Comment 11 Håvard Graff (hgr) 2016-11-02 19:46:03 UTC

Created attachment 338991 [details] [review]
refactor the gap-handling

I have tried to make the gap-handling code a bit clearer and added the pts-calculation in two places where it is now actually needed.

Comment 12 Håvard Graff (hgr) 2016-11-03 16:34:01 UTC

Created attachment 339053 [details] [review]
updated patch

Found a small difference in behavior, where the lost-timer > max_dropout would trigger also without gap > 0, so changed that to be identical with old behavior.
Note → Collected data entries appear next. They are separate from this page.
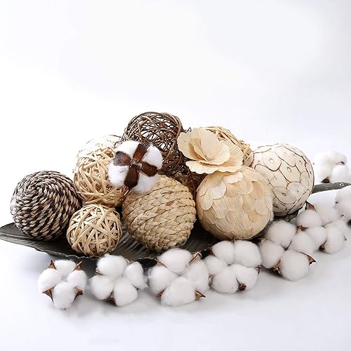 CIR OASES Boules décoratives Assorties en rotin - Boules en Osier - Boules en Coton pour Bol et Vase - Boules de Remplissage - Boules d'orbes - Remplissage de Centre de Table - Décoration d'intérieur
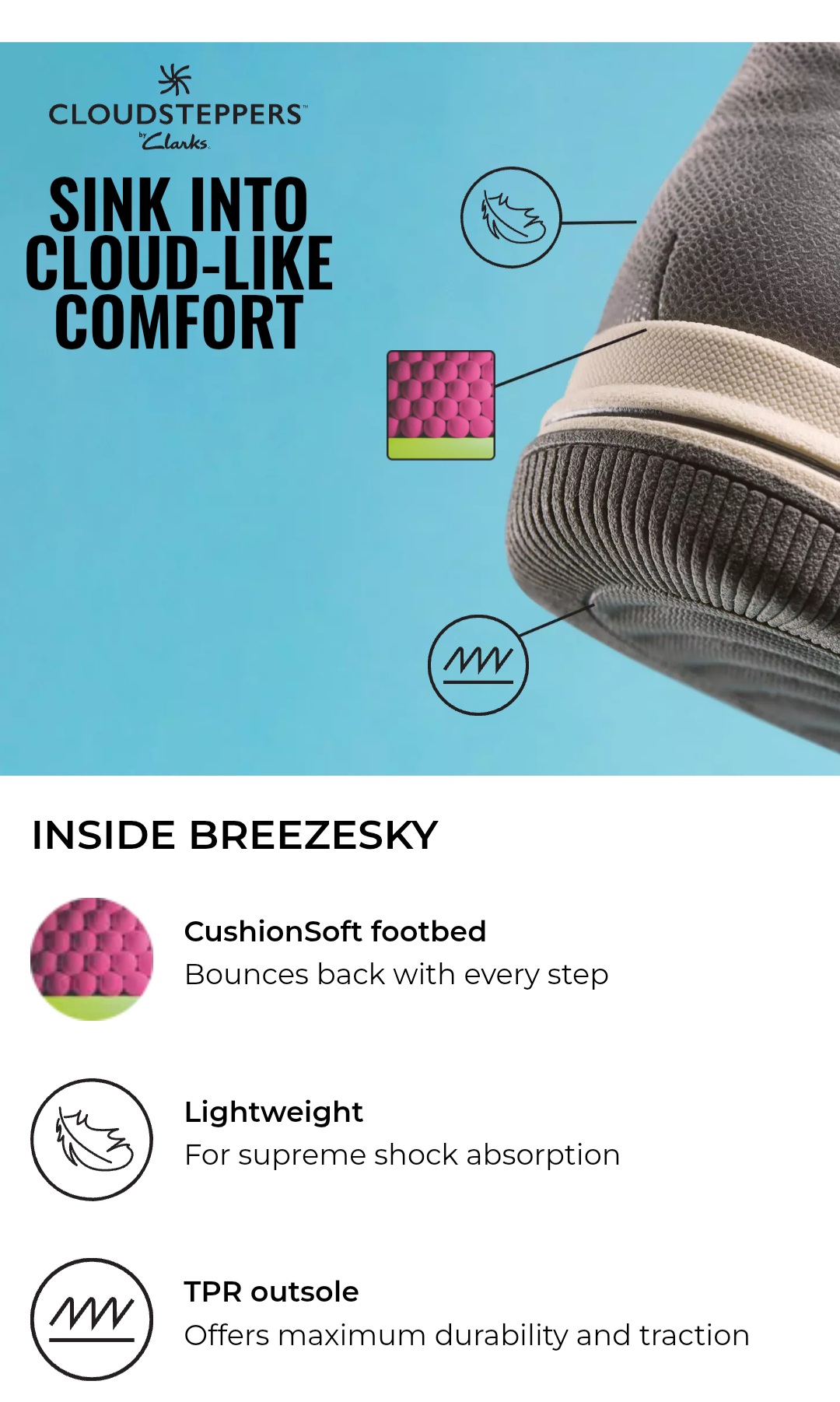 - لایههای فوم Cushion Soft™ باعث جذب ضربه و راحتی میشوند.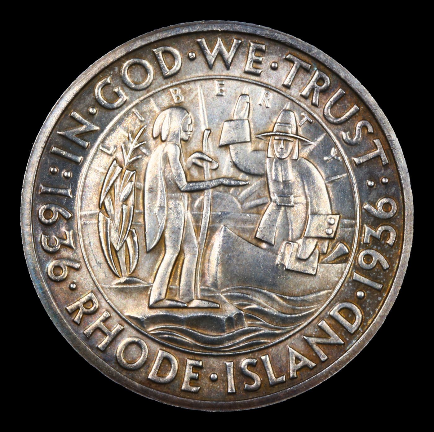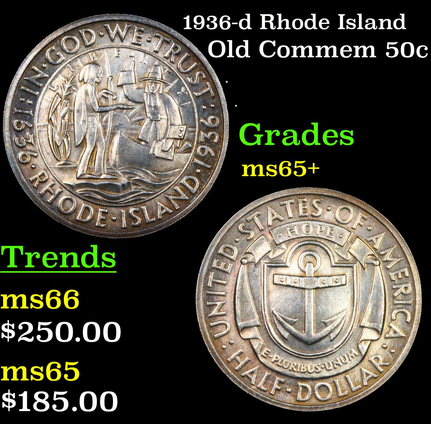 1936-d Rhode Island Old Commem Half Dollar 50c Grades GEM+ Unc. The commemorative coin most commonly referred to as the 1936 Rhode Island Tercentenary Half Dollar (Buy on eBay) was actually issued to mark the 300th anniversary of the founding of Providence by Roger Williams. The maximum authorized mintage was 50,000 pieces, of which the entire amount was produced across three mint facilities and distributed to the public.Designs for the coins were created by John Howard Benson and Arthur Graham Carey. Their original models did include reference to the Providence with inscriptions around the outer edge of the coin on the obverse “In a scene of God’s Merciful providence until me, called the place Providence” and on the reverse “State of Rhode Island and Providence Plantation Tercentenary”. These lengthy inscriptions were not used in the final version of the design.The obverse features a scene of John Williams in a canoe, holding a bible, and greeting a Native American who stands on the shore extending a hand. The “sun of religious liberty” appears in the background. The reverse design features an anchor and shield motif, adopted from the Rhode Island state seal. These designs were struck in low relief, but with sharply designed elements that resemble a woodcut.Including pieces struck for assay, the Philadelphia Mint produced 20,013, the Denver Mint 15,010, and the San Francisco Mint 15,011. The Rhode Island Half Dollars were issued for $1 each and said to have sold out quickly, however it was later suspected that some insiders held back portions of their allotments in order to sell them to the public at higher prices after the so-called sell out.Due to the nature of the design, contact marks may be prominent on the obverse and reverse. A small number of the coins are found with proof like surfaces, and these pieces command a premium.

Comment 13 Sebastian Dröge (slomo) 2016-11-04 14:51:55 UTC

commit fb9c75db360ff1aa61710804b08788b6c35f44df
Author: Havard Graff <havard.graff@gmail.com>
Date:   Sun Oct 9 15:59:05 2016 +0200

    rtpjitterbuffer: fix lost-event using dts instead of pts
    
    The lost-event was using a different time-domain (dts) than the outgoing
    buffers (pts). Given certain network-conditions these two would become
    sufficiently different and the lost-event contained timestamp/duration
    that was really wrong. As an example GstAudioDecoder could produce
    a stream that jumps back and forth in time after receiving a lost-event.
    
    The previous behavior calculated the pts (based on the rtptime) inside the
    rtp_jitter_buffer_insert function, but now this functionality has been
    refactored into a new function rtp_jitter_buffer_calculate_pts that is
    called much earlier in the _chain function to make pts available to
    various calculations that wrongly used dts previously
    (like the lost-event).
    
    There are however two calculations where using dts is the right thing to
    do: calculating the receive-jitter and the rtx-round-trip-time, where the
    arrival time of the buffer from the network is the right metric
    (and is what dts in fact is today).
    
    The patch also adds two tests regarding B-frames or the
    “rtptime-going-backwards”-scenario, as there were some concerns that this
    patch might break this behavior (which the tests shows it does not).